HapPenIng: Happen, Predict, Infer -- Event Series Completion in a Knowledge Graph
This addresses incomplete event representations in semantic sources like Wikidata for societal areas such as sports and politics, but it is incremental as it builds on existing knowledge graph methods.
The paper tackles the problem of event series completion in knowledge graphs by predicting sub-event relations and inferring missing real-world events, achieving precision improvements of 44 and 52 percentage points over baselines.

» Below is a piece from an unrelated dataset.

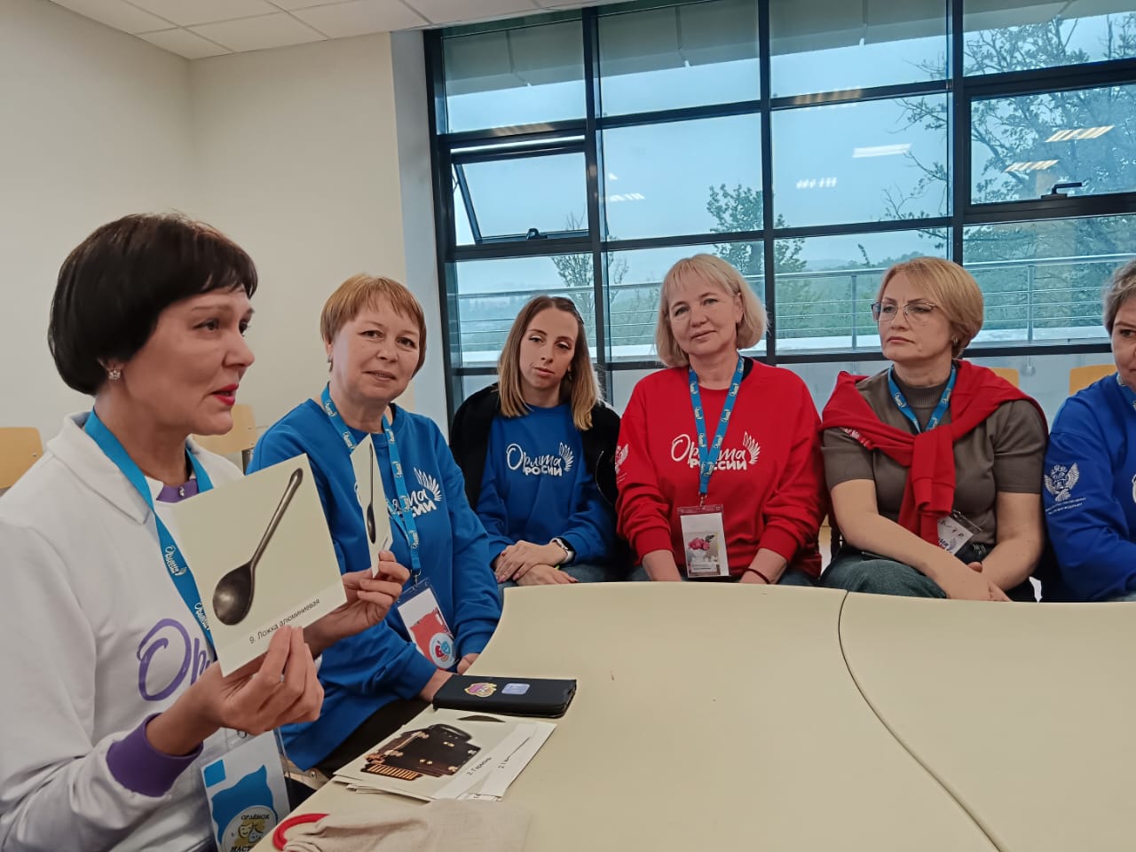 Екатерина Савельева, кандидат педагогических наук, доцент БГПУ им. М. Акмуллы, координатор "серебряных" волонтеров Башкортостана провела мастер-класс для участников курсов в виде обучения методике проведения военно-исторического лото "Предметы личного пользования солдат и офицеров времен ВОВ 1941-1945 гг.".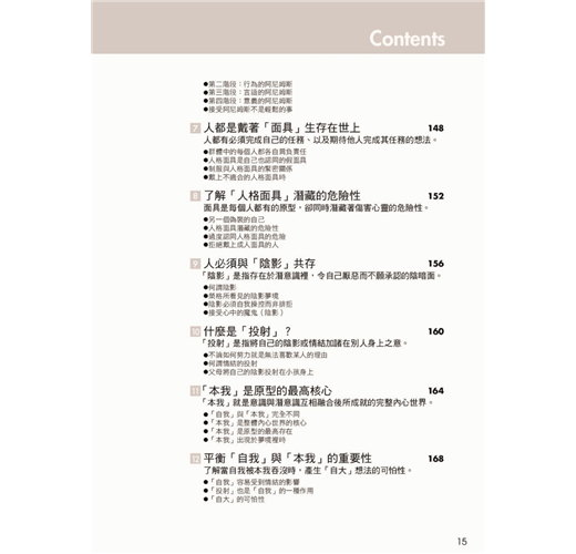 每個人最感興趣的人莫過於自己,最想要了解的人也是自己。榮格心理學的發展其實就是榮格探索自己、以及了解人類心理的結果。榮格可以說是一位勇於探索內心世界的心理學家,閱讀本書猶如在一位傑出的心靈導遊的陪伴之下,進行一場深度的人類內心世界之旅。我自己因為從事心理諮商的臨床與教學工作,對於人類心理的複雜性有著第一手的接觸和體會,讀者如果想要增進對於自己與他人內心世界的深度了解,學習榮格的深度心理學是一門不可或缺的學科。在心理學的領域裡,最著名的深度心理學除了佛洛伊德的心理分析,就是榮格的分析心理學。俗話說人心難測,一般人也常常感慨地說:人心真的很難懂。根據榮格的看法,人心之所以複雜難測,就是因為人同時存在許多對比的性格,互為對比,互為補充,也同時互相衝突。例如,外向的人,他的內心世界裡同時存在著內向的特質;內向的人,他的內心世界裡同時存在著外向的特質。又例如,男性的內心世界裡存在著女性的特質,女性的內心世界裡卻存在著男性的特質。每個人在生活中總會帶著一些面具,可是在這些面具的背後卻又存在著真實的自我,比方說品德良好的人,卻同時在內心世界裡存在著陰影。人心的複雜由此可見一斑。學習覺察每個人自己內心世界裡的對比性格,並且保持它們的平衡,便是每個人的功課,也是促進自我了解與心理健康的有效方法。

Event series, such as the Wimbledon Championships and the US presidential elections, represent important happenings in key societal areas including sports, culture and politics. However, semantic reference sources, such as Wikidata, DBpedia and EventKG knowledge graphs, provide only an incomplete event series representation. In this paper we target the problem of event series completion in a knowledge graph. We address two tasks: 1) prediction of sub-event relations, and 2) inference of real-world events that happened as a part of event series and are missing in the knowledge graph. To address these problems, our proposed supervised HapPenIng approach leverages structural features of event series. HapPenIng does not require any external knowledge - the characteristics making it unique in the context of event inference. Our experimental evaluation demonstrates that HapPenIng outperforms the baselines by 44 and 52 percentage points in terms of precision for the sub-event prediction and the inference tasks, correspondingly.